Create new key as json type for your service account. Download this json file and save it in secret_keys directory. Update your project and service_account_file in ansible/deploy_jenkins/create_compute_instance.yaml.

Go back to your terminal, please execute the following commands to create the Compute Engine instance:

cd ansible/deploy_jenkins
ansible-playbook create_compute_instance.yaml

Go to Settings, select Metadata and add your SSH key.

Update the IP address of the newly created instance and the SSH key for connecting to the Compute Engine in the inventory file.

4.2. Install Docker and Jenkins in GCE

cd ansible/deploy_jenkins
ansible-playbook -i ../inventory deploy_jenkins.yaml

Wait a few minutes, if you see the output like this it indicates that Jenkins has been successfully installed on a Compute Engine instance.

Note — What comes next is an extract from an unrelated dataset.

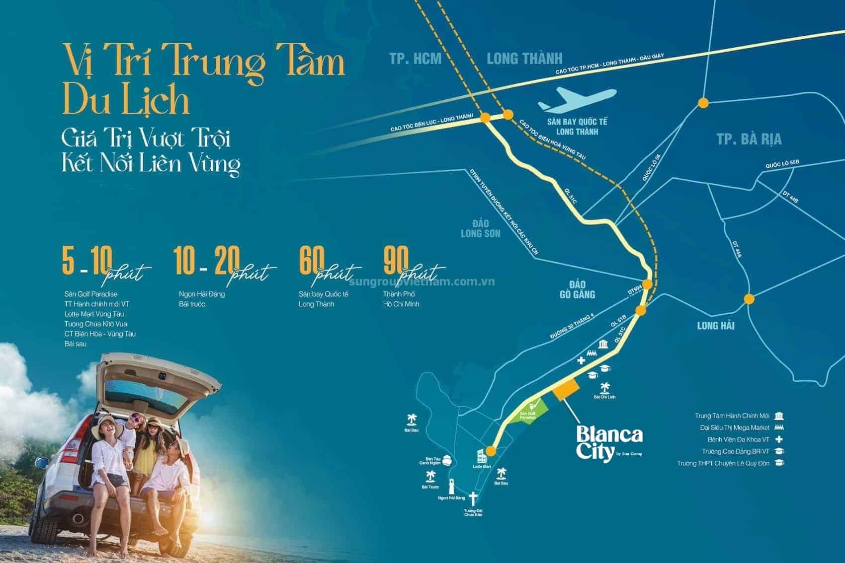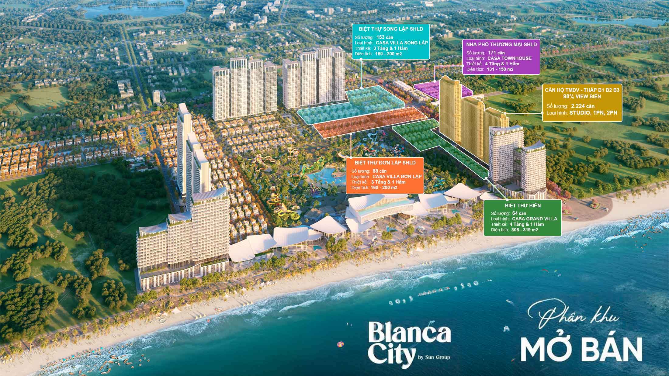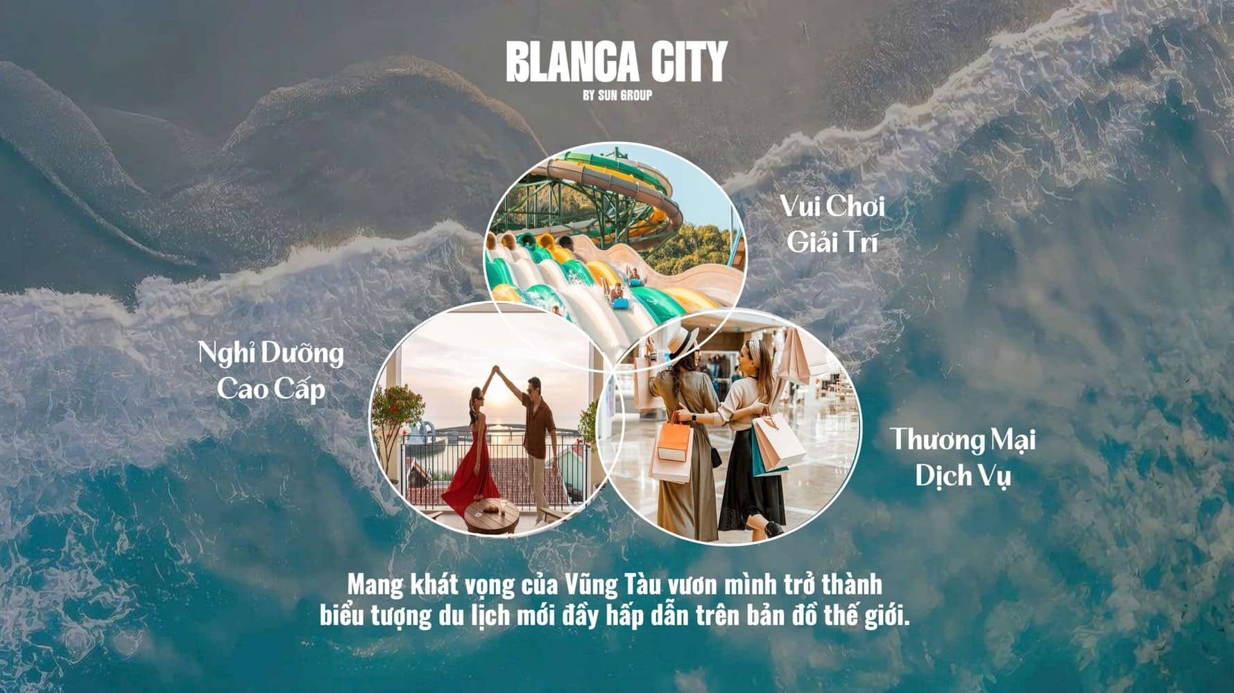 Dự án Blanca City Vũng Tàu là siêu đô thị biển đẳng cấp do Tập đoàn Sun Group phát triển, tọa lạc tại vị trí kim cương trên trục đường 3 Tháng 2, thuộc phường 10 và 11, TP. Vũng Tàu, tỉnh Bà Rịa – Vũng Tàu. Với quy mô 96,6 ha và tổng vốn đầu tư khoảng 37.000 tỷ đồng, dự án được định vị là biểu tượng sống mới, kết hợp hài hòa giữa an cư, nghỉ dưỡng và giải trí theo mô hình “All-in-One” chuẩn quốc tế. Blanca City là mảnh ghép hoàn hảo trong bức tranh phát triển tổng thể của thành phố biển Vũng Tàu. Dự án được kiến tạo với tư duy phát triển đa chiều: từ du lịch nghỉ dưỡng thượng lưu, đến không gian sống tinh hoa, từ trung tâm thương mại phồn hoa đến không gian công cộng mở đẳng cấp.

4.3. Connect to Jenkins UI in Compute Engine

Access the instance using the command:

ssh -i ~/.ssh/id_rsa YOUR_USERNAME@YOUR_EXTERNAL_IP

Check if jenkins container is already running ?

sudo docker ps

Open web brower and type [YOUR_EXTERNAL_IP]:8081 for access Jenkins UI. To Unlock Jenkins, please execute the following commands:

sudo docker exec -ti jenkins bash
cat /var/jenkins_home/secrets/initialAdminPassword

Copy the password and you can access Jenkins UI.

It will take a few minutes for Jenkins to be set up successfully on their Compute Engine instance.

Create your user ID, and Jenkins will be ready :D

4.4. Setup Jenkins

4.4.1. Connect to Github repo

  • Add Jenkins url to webhooks in Github repo

  • Add Github credential to Jenkins (select appropriate scopes for the personal access token)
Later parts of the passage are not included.